Dulu ku tak suka, tapi sekarang jadi seperti candu. Walau tak ku konsumsi tiap hari. Hanya ketika ku terpaksa begadang, menghadapi serangkaian deadline tugas, maka aku meminta sedikit bantuannya.

Aku mulai menyukainya, sejak ku merantau jauh dari orang tua. Karena ku sangat membutuhkannya saat harus menyelesaikan deadline semalam

Rasanya pahit yang kental, namun kini sedikit manis karena gula. Bagai hidup, kadang ketika hidup kita pahit maka kita perlu mencari sesuatu untuk menyamarkan rasa pahitnya. Entah itu menemui sahabat, menemui orang tua, atau pergi ke tempat yang sekiranya bisa sedikit menyamarkan rasa pahitnya hidup.

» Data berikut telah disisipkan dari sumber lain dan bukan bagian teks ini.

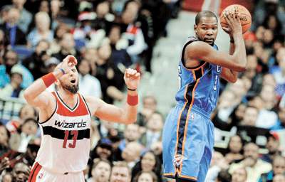 After Durant left at halftime because of his injury, Thunder teammate Russell Westbrook took over, compiling a triple-double with 22 points, 11 assists and 11 rebounds to lead Oklahoma City to a 125-101 victory over the struggling Wizards.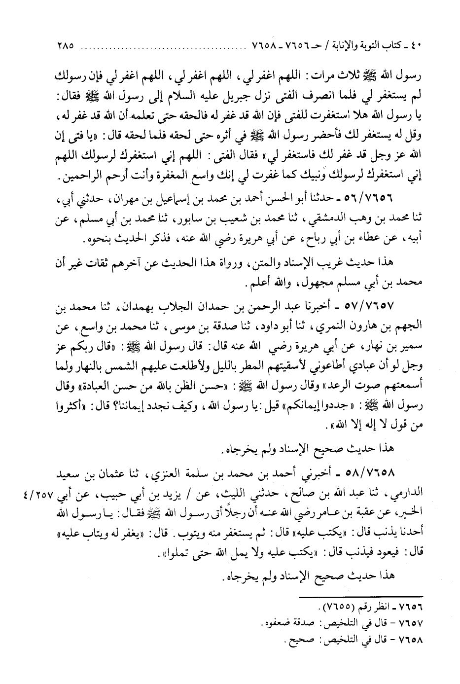 7658 - أَخْبَرَنِي أَحْمَدُ بْنُ مُحَمَّدِ بْنِ سَلَمَةَ الْعَنَزِيُّ، ثَنَا عُثْمَانُ بْنُ سَعِيدٍ الدَّارِمِيُّ، ثَنَا عَبْدُ اللَّهِ بْنُ صَالِحٍ، حَدَّثَنِي اللَّيْثُ، عَنْ يَزِيدَ بْنِ أَبِي حَبِيبٍ، عَنْ أَبِي الْخَيْرِ، عَنْ عُقْبَةَ بْنِ عَامِرٍ، رَضِيَ اللَّهُ عَنْهُ، أَنَّ رَجُلًا أَتَى رَسُولَ اللَّهِ صَلَّى اللهُ عَلَيْهِ وَسَلَّمَ فَقَالَ: يَا رَسُولَ اللَّهِ، §أَحَدُنَا يُذْنِبُ، قَالَ: «يُكْتَبُ عَلَيْهِ» قَالَ: ثُمَّ يَسْتَغْفِرُ مِنْهُ وَيَتُوبُ؟ قَالَ: «يُغْفَرُ لَهُ وَيُتَابُ عَلَيْهِ» قَالَ: فَيَعُودُ فَيُذْنِبُ؟ قَالَ: «يُكْتَبُ عَلَيْهِ، وَلَا يَمَلُّ اللَّهُ حَتَّى تَمَلُّوا» هَذَا حَدِيثٌ صَحِيحُ الْإِسْنَادِ وَلَمْ يُخَرِّجَاهُ "K7658 - صحيح

Kafeinnya membuat candu dan membuatku terjaga beberapa jam untuk menghindari tidur. Mengajarkan, bahwa ketika kita nyaman pada sesuatu kita akan selalu menemuinya, karena hal itulah yang membuat kita terhindar beberapa saat dari masalah berat.

Kopi Hitam, Kopi susu, Caffucino, Moccacino. Itu beberapa diantaranya yang jadi kesukaanku.

Tak seperti yang lain yang bisa menikmati berbagai rasa lainnya, aku hanya mentok di rasa itu saja. Keterbatasan biaya, dan karena bukan pula penggemar berat kopi, adalah alasan ku tak pernah merasakan rasa yang lainnya.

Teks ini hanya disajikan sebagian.